When Vicki Perry was an elementary school principal in the Southfield Public School District, she shared a common love for books with a friend who supported efforts to help children become confident readers, even though she herself couldn’t read.
That friend was a black labrador named Lucky. Perry says Lucky was an appropriate name for her companion for a couple of reasons. Two decades ago, during a heatwave in Detroit, Perry purchased Lucky, then a tiny puppy with no name, from some guys who asked $5 for the dog. “We gave them $10 and took her to a vet around the corner and waited 90 minutes to get her in. She was beautiful but sick. Our $10 turned into about $900,” she says.
With a lot of care, Lucky recovered. “She was lucky that we took her to the vet because she probably wouldn’t have made it,” Perry says. “But we were lucky to have found her because she was a wonderful dog. Smart, smart, smart.”
Lucky’s gentle nature made her a perfect reading companion in kindergarten and first-grade classrooms at the schools where Perry worked. “She went to work with me a couple of times during the week. She had her glasses and a book bag and the children would take turns reading to her, and I think they really enjoyed it because Lucky never told them they mispronounced a word. She never corrected them. She never judged them,” Perry says.
Five years ago, after nearly 14 years of companionship, Perry said goodbye to Lucky. But just prior to this farewell — and during a walk near Perry’s cottage in Canada — Perry noticed in a neighbor’s yard a special bookshelf dedicated to a beloved pet. “It had a sign that said ‘Feel free to take a book,’ and I thought that’s so wonderful,” she recalls. Ever since then, Perry has planned to create a Lucky Library to honor her own pet.
“I needed to retire and research it and I was finally able to purchase the library,” says Perry, now an assistant to Southfield Mayor Ken Siver. “With the assistance and wonderful responsibility of Kyle Bryce and Terry Croad in the planning department and the Southfield City Centre Advisory Board, it was approved.”
The library was installed on Thursday, August 13 and a ribbon-cutting took place on Sunday, August 16. “I put the first books into the Lucky Free Library, and they are all about dogs,” Perry says. The library sits on the southwest corner of Evergreen Road and Civic Center Drive and exists to support literacy in the community.
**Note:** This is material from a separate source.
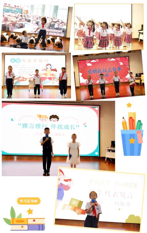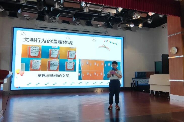 在二年级的集会上,学生们用多样的节目形式生动地展现了校园、家庭、社会礼仪之美,“文明小乘客”表彰环节更是点燃学子向优看齐的热情。这场集会以鲜活形式强化文明认知,推动雅言雅行融入日常,为新学期成长注入礼仪力量。

“The books I purchased years ago as a reflection of my dog, and in the library will be books of all genres and for all ages,” Perry says. Soon, she hopes to adorn the library with a nameplate that says “The Lucky Library.”
While Perry does not have a new dog to take Lucky’s place in her family, she says she does enjoy “timesharing” Oliver, a dog that belongs to family members and enjoys long visits with Perry throughout the year. In fact, Oliver and Lucky met briefly, and Perry says she likes to think Lucky passed a message to Oliver — in whatever dog language they communicate — to step in whenever Perry may need him.
“Oliver is such a perfect dog. He’s so good,” says Perry.
Take a book, leave a book, enjoy The Lucky Library. It’s on the southwest corner of Evergreen Road and Civic Center Drive in the Southfield City Centre.